Dans ce scénario, on a au départ deux étoiles, une de 1,23 M et l'autre de 0,86 M qui vont évoluer pour devenir une naine blanche de 0,25 M et une géante rouge de 1,25 M, qui fusionneront pour devenir une seule étoile géante de 1,5 M. Et le scénario fonctionne ! 8 UMi peut avoir été un système binaire proche, dont la fusion a empêché ses composantes de se développer suffisamment pour engloutir sa planète circumbinaire. Mais la simulation dit aussi qu'à terme, 8 UMi devra évoluer en une étoile géante rouge typique, de sorte que la planète finira quand même par être engloutie, mais ce sera quand l'étoile aura épuisé son noyau d'hélium. Les chercheurs notent par ailleurs qu'un scénario d'évolution binaire pour 8 UMi est aussi étayé par des prédictions d'enrichissement en lithium de surface pour l'étoile finale brûlant de l'hélium dans les simulations. Or, des mesures spectroscopiques antérieures ont indiqué que 8 UMi était surabondante en lithium, un facteur 10 à 100 fois supérieur aux abondances de lithium des étoiles du même type observées.
Pour ne pas être en reste, Hon et ses collaborateurs évoquent une dernière possibilité pour expliquer l'existence de 8 UMi b : la planète aurait pu s'être formée comme un sous-produit de l'événement de fusion stellaire entre les deux étoiles.

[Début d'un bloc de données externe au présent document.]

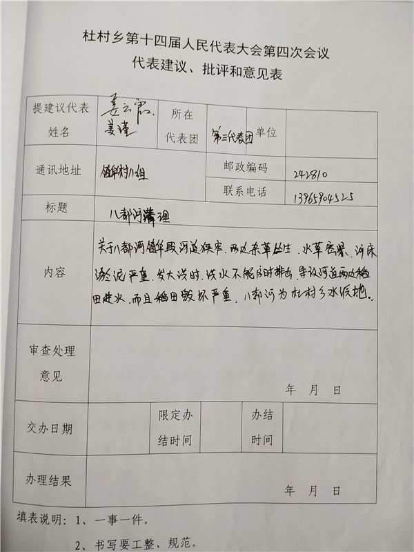 杜村乡第十四届人民代表大会第四次会议代表建议、批评和意见

Des éjectas stellaires issus d'interactions binaires ont été déjà été proposés dans le passé pour former des disques protoplanétaires, et ainsi 8 UMi b pourrait aussi avoir émergé du disque de débris entourant le reste de la fusion stellaire... 

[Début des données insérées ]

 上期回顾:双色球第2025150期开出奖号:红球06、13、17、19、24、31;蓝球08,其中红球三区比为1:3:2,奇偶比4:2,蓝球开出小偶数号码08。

En tant que planète rapprochée autour d'une géante rouge brûlant de l'hélium, 8 UMi b démontre que la multiplicité stellaire, dont l'effet influence fortement le destin des systèmes planétaires, peut entraîner des voies par lesquelles les planètes peuvent survivre à l'évolution de leur étoile. Étant donné que les systèmes binaires se trouvent couramment dans la Galaxie, il peut donc exister un nombre sensiblement plus élevé d'exoplanètes en orbite autour d'étoiles post-séquence principale qu'on ne le supposait auparavant.

Source

A close-in giant planet escapes engulfment by its star
Marc Hon et al.
Nature volume 618 (28 june 2023)

Illustration

Schéma de l'évolution du système de 8 UMi (Marc Hon et al.)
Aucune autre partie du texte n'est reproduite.